Scleroderma is a rare connective tissue disease involving vascular injury and autoimmunity. It is characterized by the thickening, hardening, and tightening of connective tissues, leading to multifaceted complications. Scleroderma is classified into 2 forms, localized scleroderma and systemic sclerosis (SSc). The systemic form is further subdivided into limited SSc (formerly known as CREST syndrome) or diffuse SSc. This report describes the case of a 41-year-old woman with gingival pain, temporomandibular joint pain, frequent fevers, night sweats, excessive thirst, hunger, frequent urination, and weight gain. Her medical history included Sjogren syndrome and Raynaud phenomenon. Physical examinations revealed petechiae on the palms, lips, tongue, and soft palate; hypochromia of the lips; fibrosis; dry mouth; and active periodontal disease.

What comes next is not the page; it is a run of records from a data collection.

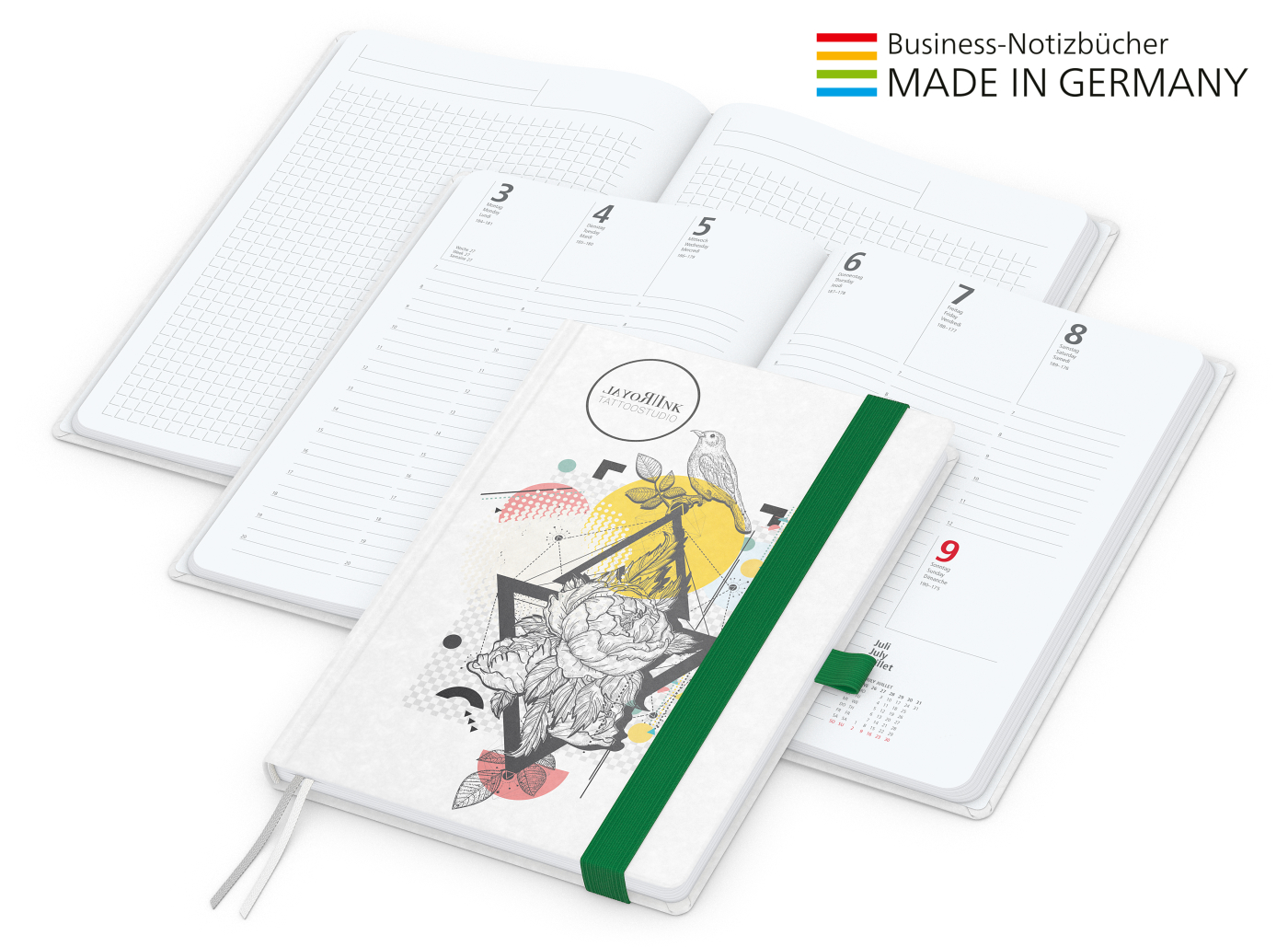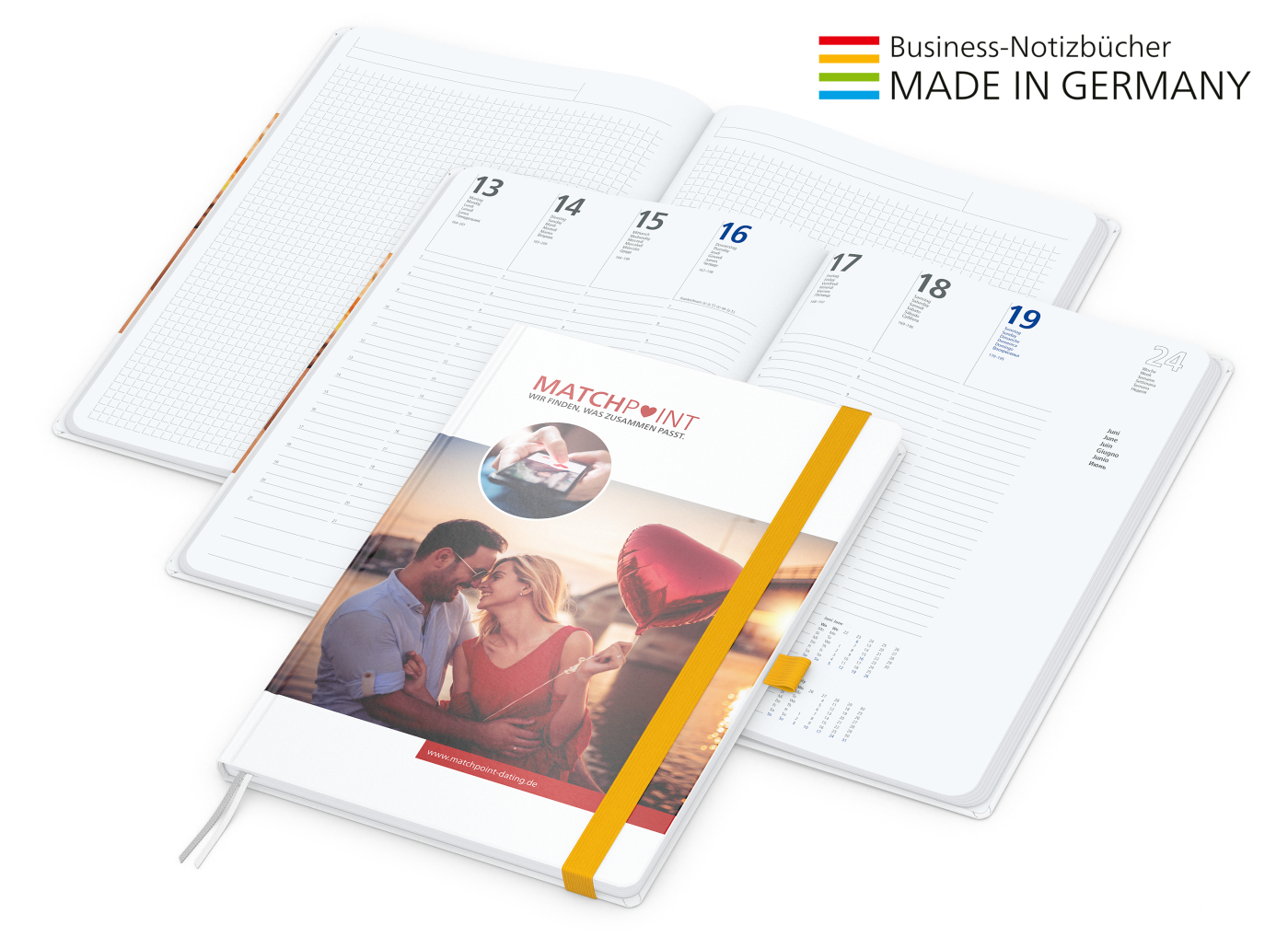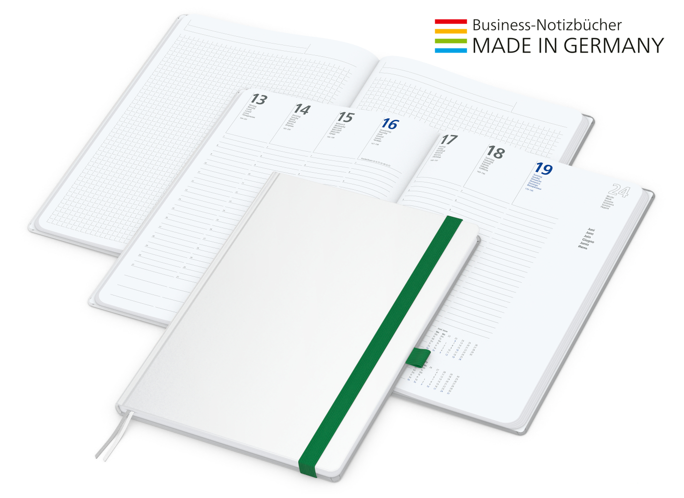 Der Hybrid-Timer für jedes Corporate Design. Individuell bedruckter Einband kombiniert mit Gummiband und Stiftschlaufe in Wunschfarbe. Wochenkalendarium Hochweiß über ein Jahr oder für A5 auch in Creme von August 2024 bis Dezember 2025.
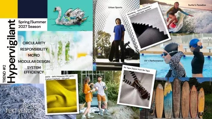 - 趨勢氛圍:以「物盡其用,不浪費」為原則,驅動著對循環性的高度警覺,強調對海洋廢棄物等合成材料和農業/食品產業廢棄物的利用。負責任的設計是關鍵,要求在產品開始前就考慮報廢選項。產業正使用可生物降解的化學品以加速減少微纖維污染問題。目標是零浪費,並通過原液染色等工藝減少水和能源的消耗。
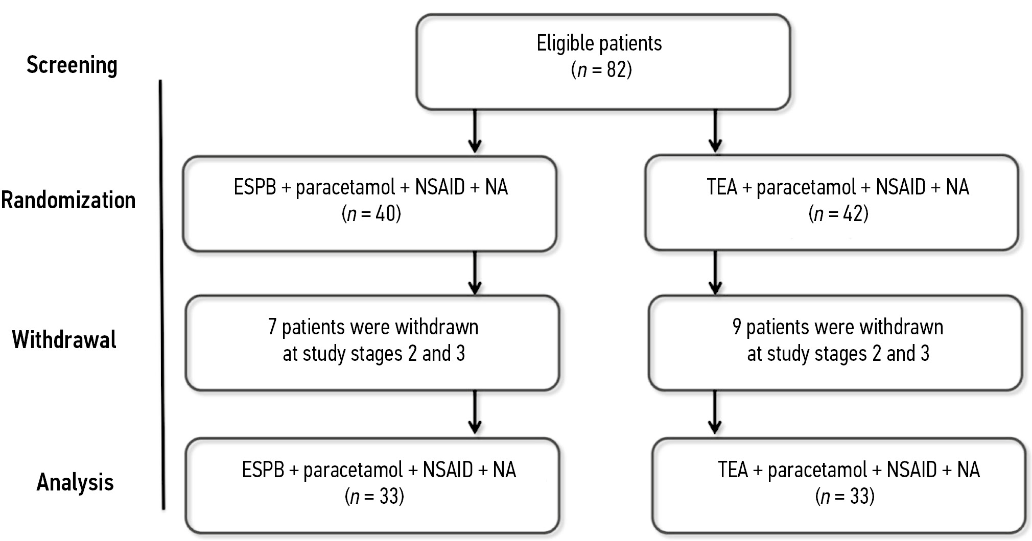 Fig. 1. Study flow-chart. ESPB, erector spinae plane block; TEA, thoracic epidural analgesia; NSAID, non-steroidal anti-inflammatory drug; NA, narcotic analgesic.

Serologic test results were positive for anticentromere and antinuclear antibodies and negative for anti-topoisomerase I antibody, confirming the diagnosis of limited SSc. The oral manifestations were critical to the early diagnosis of limited SSc. Telangiectasia, labial fibrosis, and xerostomia were key indicators. Interdisciplinary collaboration between oral healthcare professionals and rheumatologists is essential for optimal patient management. Further research is needed to understand the underlying mechanisms of SSc and refine the diagnostic criteria.